Multiracial organization founded in 1949 in Southern Rhodesia (Zimbabwe)

The Capricorn Africa Society was a multiracial pressure group in British colonies in Southern and Eastern Africa in the 1950s and 1960s.

==History==
The organisation was established in 1949 in Southern Rhodesia by David Stirling and N. H. Wilson, with branches soon opening in Kenya, Northern Rhodesia, Nyasaland and Tanganyika; a branch was also opened in London in 1956. With a mostly European leadership, it called for "equal rights for all civilised", giving Africans gradually increasing civic rights.

The organisation briefly participated in electoral politics in Kenya. In the 1956 general elections it nominated two candidates for the fourteen European seats, choosing not to run in constituencies where independents aligned with the more liberal Michael Blundell and United Country Party stood a chance of beating right wing opponents, the Independent Group and the Federal Independence Party. Although neither candidate was successful, Capricorn won one of the five Indian seats, when Nahar Singh Mangat was elected in the Central (non-Muslim) constituency.

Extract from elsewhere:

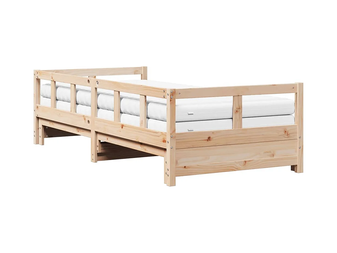 Slaapbank met onderschuifbed en matrassen 80x200 cm grenenhout

In 1957, members of the society in Northern Rhodesia formed the Constitution Party, which sought to promote Capricornist ideals. A multi-racial party, its membership included several prominent political figures, including Stirling, Harry Franklin, Stewart Gore-Browne, Lawrence Chola Katilunga, Gabriel Musumbulwa and Alexander Scott. However, after failing in the 1958 elections, it was disbanded. Its position as the bastion of Northern Rhodesian liberalism was taken on by the Central Africa Party. The Northern Rhodesian branch of the Capricorn Africa Society was subsequently dissolved in 1961.

==Aims==

The society's aims were stated in the Capricorn Declarations in 1952: "We hold that all men, despite their varying talents, are equal in dignity before God and have a common duty towards one another... We hold that the differences between men, whether of creed or color, are honorable differences."

The organisation sought to unleash the industrial potential of East–Central Africa. However, the sparse population and lack of indigenous skills and capital made the area a power vacuum. The society saw a "partnership of Africans and immigrant Europeans working together... for the benefit of both" as a means of filling this vacuum and positively integrating the region into the world economy.

The Society issued declarations at the end of 1952 as an "interim statement". Six months later a full manifesto was published.